:: DATA SUPPLIED ::
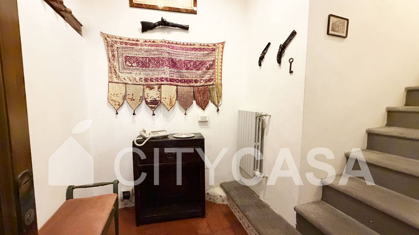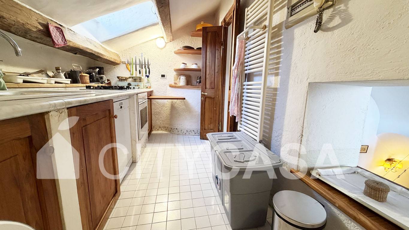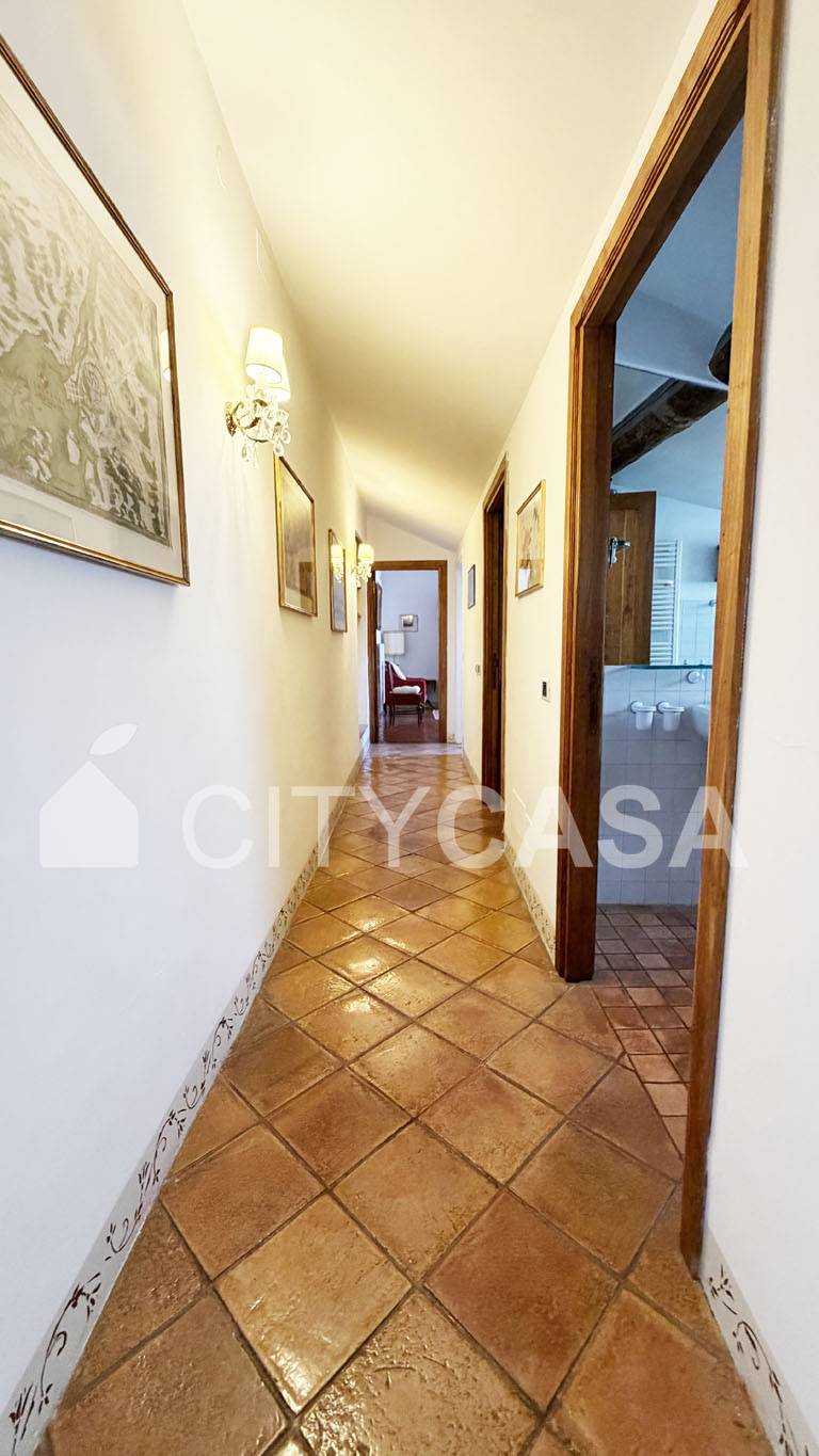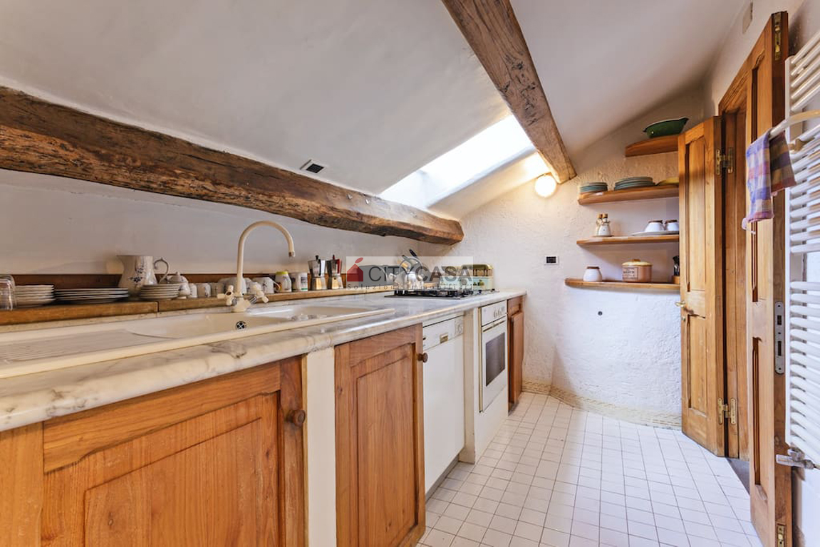 L'immobile è caratterizzato da un Bellissimo Pavimento in Cotto Fiorentino che ben si abbina alla Scala in Peperino grigio, Pietra Naturale tipica del posto, che conduce alla Cucina completamente attrezzata.
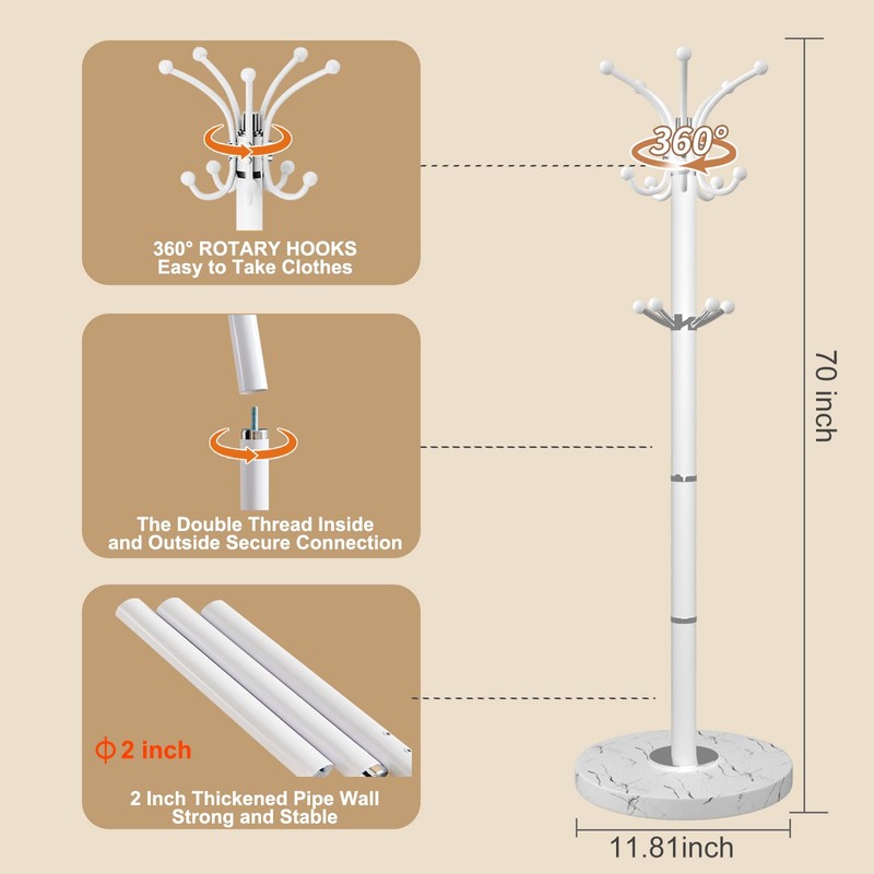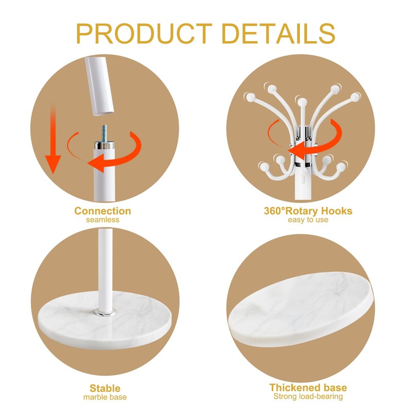 - NATURAL MARBLE BASE: SNAIKOR white coat rack freestanding base stand is made of natural marble. Every piece of marble is carefully selected, and the natural texture on it comes from the carving of nature. The diameter of marble is 11.81 inches, which is stable and without shaking
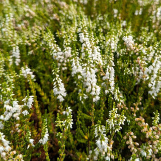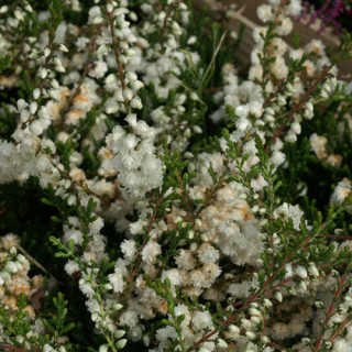 Bruyère persistante formant un coussin compact, au feuillage vert brillant et à la floraison hivernale abondante en clochettes blanches contrastées par des anthères sombres.
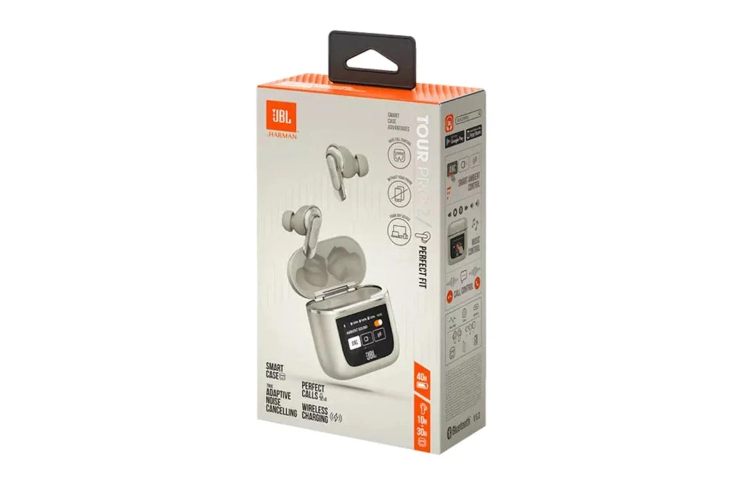 The JBL Tour Pro 2’s True Adaptive Noise Cancelling technology tunes out distractions so you can enjoy your favorite audio—or even the sound of silence—all powered by legendary JBL Pro Sound and immerse yourself in superb, spatial audio on the go.
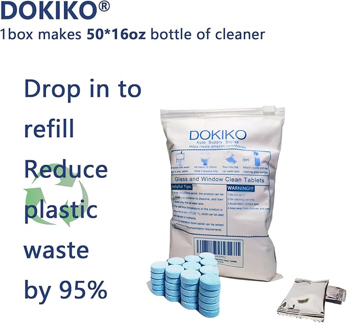 - 【Cost-Effective & Space-Saving】 Save money and storage space! 1 tablet makes 16 fl oz of cleaner spray, and 1 pack provides a year’s supply. Also works as windshield washer fluid (1 tablet = 1 gallon).
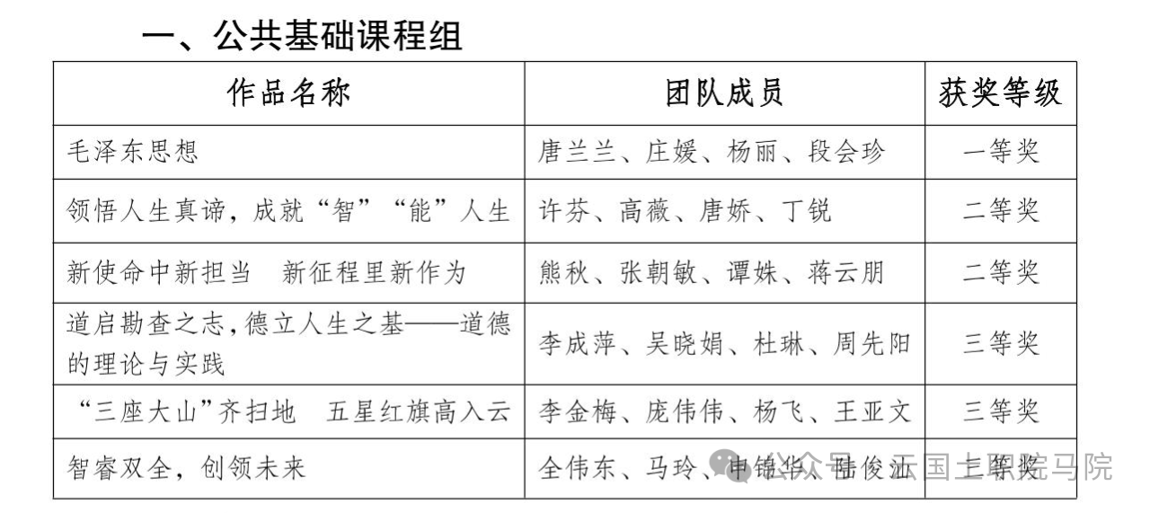 2025年,马院紧扣学校党委“一院一品牌”要求,开展马院品牌建设。依托品牌建设,党员教师在教学竞赛、课程建设、演讲比赛中勇当先锋,实现国家级赛道奖项零的突破。2025年马院在各类赛道上共获奖51人次,其中获国家级奖项3项:一等奖1项、三等奖1项、优秀奖1项;省厅级16项:一等奖2项、二等奖5项、三等奖4项,优秀教案1个。
:::
Word for word, repeat the lines of data above, omitting every picture.

TASK RESPONSE:
 L'immobile è caratterizzato da un Bellissimo Pavimento in Cotto Fiorentino che ben si abbina alla Scala in Peperino grigio, Pietra Naturale tipica del posto, che conduce alla Cucina completamente attrezzata.
 - NATURAL MARBLE BASE: SNAIKOR white coat rack freestanding base stand is made of natural marble. Every piece of marble is carefully selected, and the natural texture on it comes from the carving of nature. The diameter of marble is 11.81 inches, which is stable and without shaking
 Bruyère persistante formant un coussin compact, au feuillage vert brillant et à la floraison hivernale abondante en clochettes blanches contrastées par des anthères sombres.
 The JBL Tour Pro 2’s True Adaptive Noise Cancelling technology tunes out distractions so you can enjoy your favorite audio—or even the sound of silence—all powered by legendary JBL Pro Sound and immerse yourself in superb, spatial audio on the go.
 - 【Cost-Effective & Space-Saving】 Save money and storage space! 1 tablet makes 16 fl oz of cleaner spray, and 1 pack provides a year’s supply. Also works as windshield washer fluid (1 tablet = 1 gallon).
 2025年,马院紧扣学校党委“一院一品牌”要求,开展马院品牌建设。依托品牌建设,党员教师在教学竞赛、课程建设、演讲比赛中勇当先锋,实现国家级赛道奖项零的突破。2025年马院在各类赛道上共获奖51人次,其中获国家级奖项3项:一等奖1项、三等奖1项、优秀奖1项;省厅级16项:一等奖2项、二等奖5项、三等奖4项,优秀教案1个。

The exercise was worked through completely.